Caglione was ordained as a priest in 1985 by the bishop of Oran, Pierre Claverie, who was violently killed more than a decade later in the country by a car bomb. Caglione refused to leave Algeria during the “dark decade.”
When Caglione died in 2003, members of the much-expanded Tlemcen community wrote to Lubich explaining, “Ulisses was for us a link between Christianity and Islam. … We learned to listen without prejudice, without judgement. He taught us to do everything out of love. He taught us to be love. He always manifested his love for God. He was for us the model believer.”
The former abbey is now known as Mariapolis Ulisse, following other Focolare “Mary cities” established around the world, including in Argentina, Italy, Kenya, the Philippines and the United States. The latest resident arrived two months ago in Tlemcen: Giordano Barbosa, a Brazilian whose parents are members of the movement. “My lullaby songs were the ones we sing at the Mariapolis in Brazil,” he said.
In “Beyond Dialogue,” a 2019 documentary on the Focolare in Algeria, Muslims of all ages offered testimony about seeking God in this unusual, supportive environment.
Kebour attended a retreat at Mariopolis Ulisses and witnessed “a group of young Algerians who came from different regions to live together in a spirit of profound respect,” she said.
“What struck me was their simplicity and sincerity,” she said. “They were not engaging in theological debate but living fraternity.”
Kebour will be in Algeria for the pope’s visit to participate in events.

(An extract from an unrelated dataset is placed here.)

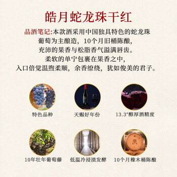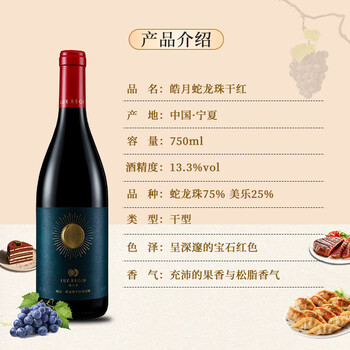 类人首宁夏红酒 皓月蛇龙珠橡木桶干红葡萄酒750ml*6瓶整箱装热门商品

“Interreligious dialogue can be a matter of shared life,” Kebour told RNS. “After years of practicing such dialogue, I would say the result of interreligious encounters is the interior transformation of the individual. The dialogue does not change doctrine, but it changes the heart. Then, personal transformation allows social transformation by creating real tolerance and esteem.”
Born in the Democratic Republic of the Congo, Gaston Lulu Ngomoya encountered the Focolare movement in 2009 at age 16, when his school choir sang at a Mass marking the one-year anniversary of Lubich’s death. After the program, members explained their faith practice.
“I was deeply touched by what is called in Focolare the ‘Art of Love,’ presented in six points: love others as yourself; love everyone; make yourself one with those who suffer and those who rejoice; be the first to love; love your enemies; and see Jesus in others,” said Lulu, who was consecrated in 2016, after formation in Italy.
He then moved to a Mariapolis Center in Kenya, then to Angola, where he served as the Archdiocese of Luanda’s treasurer. Last year, he came to Algeria’s capital of Algiers, where separate Focolare houses for men and women are located.
“True unity requires diversity to be authentic — it is not the same as uniformity,” Lulu said. “Here in Algeria, we are living this commitment as Christians together with Muslims in a dialogue of life.”